(C) 2025 Alex Diaz-Granados

Hope in the Inbox: A Narrator’s Chain of Joy

This morning, I woke up to a chain of messages from Brandon Padilla, the narrator of Reunion: A Story. He’d just recorded another 25 minutes, declared Chapter 5 his favorite, and shared plans to feature the audiobook as his debut listing on his website. He even asked what made his audition stand out.

The answer is simple: he did. Not just with his voice, but with his presence. While one other narrator gave a technically excellent reading (and was cast for Comings and Goings), Brandon sent a note that expressed interest with enthusiasm. That kind of emotional investment is rare—and essential for a story like Reunion, which is built on memory, quiet rituals, and the longing to be seen.

Marty
Marty

His favorite chapter, “The Dream,” is one of the novella’s emotional anchors. It begins with Jimmy falling asleep in the school library and drifting into a dream where memory and longing blur into something tender and surreal. He finds himself back in his old English classroom, reading Macbeth, when Martina Reynaud—the most beautiful girl in the Class of ’83—walks in. What follows is a slow dance of vulnerability, set to the imagined strains of a 1940s ballroom band.

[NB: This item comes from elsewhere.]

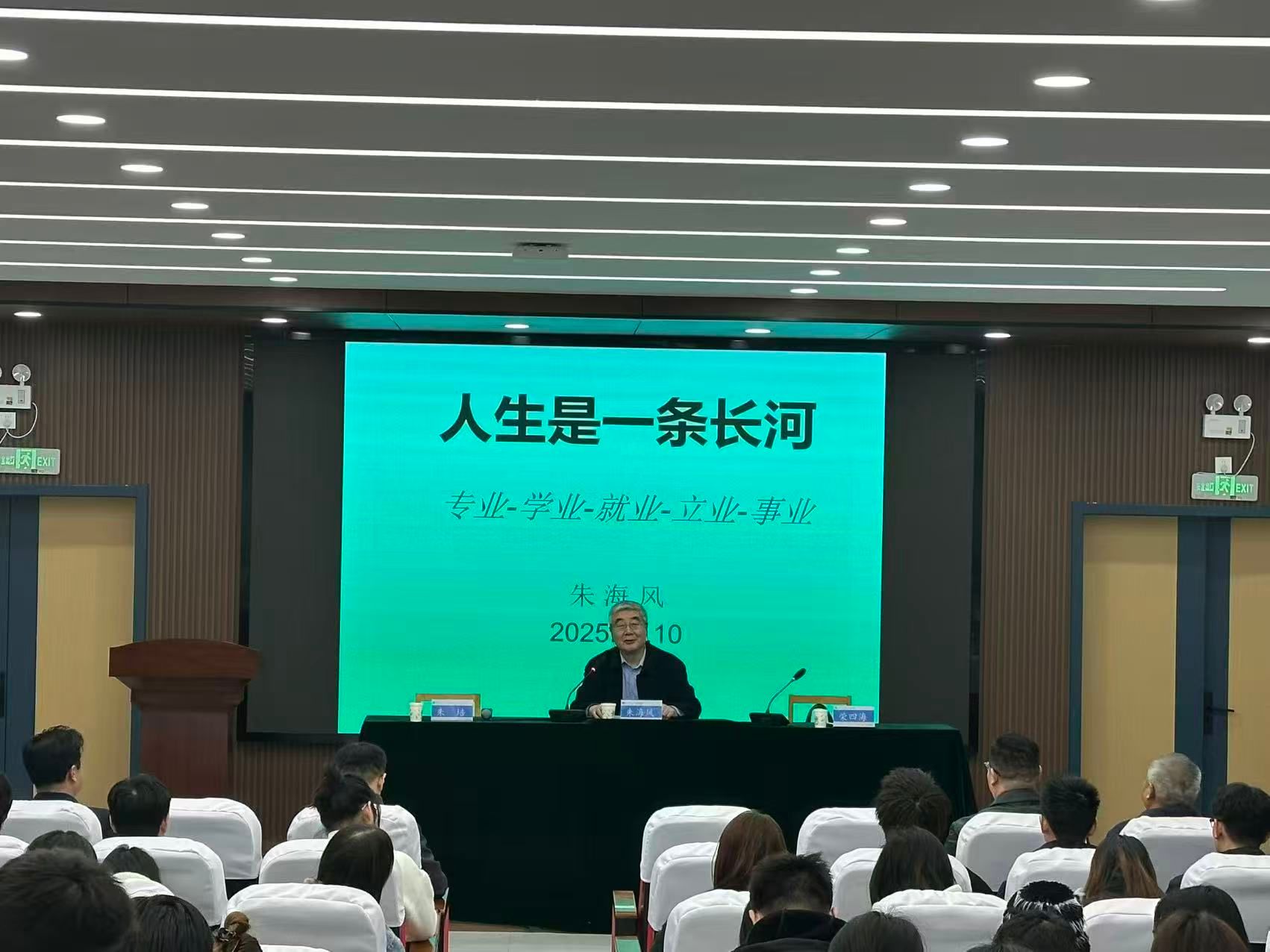 荣四海代表学校关工委为朱海风教授颁发证书,正式聘请其为学校“五老”报告团首席讲师。接着,朱海风从“人生是一条长河”的哲学思考入手,结合中华水文化的深厚底蕴,阐释了人生应有的宽度与厚度。他以长河之水喻人,阐述了人生长河“不能无本源”“不能无堤防”“不能无德性”“不能无气势”的道理,引导同学们思考生命的价值与方向。

The chapter includes a whispered invitation: “Don’t say a word. Let’s just dance, okay?” That line, written in October 1998 while Nat King Cole’s “Mona Lisa” played on the radio, still carries the emotional cadence of that moment. It’s a line about presence, not performance. About communion, not climax.

Brandon’s enthusiasm gives me hope. Not just that the audiobook will resonate, but that the novella itself carries the emotional weight it was meant to. His messages are a mirror, reflecting the story’s heart back to me. And maybe, to you.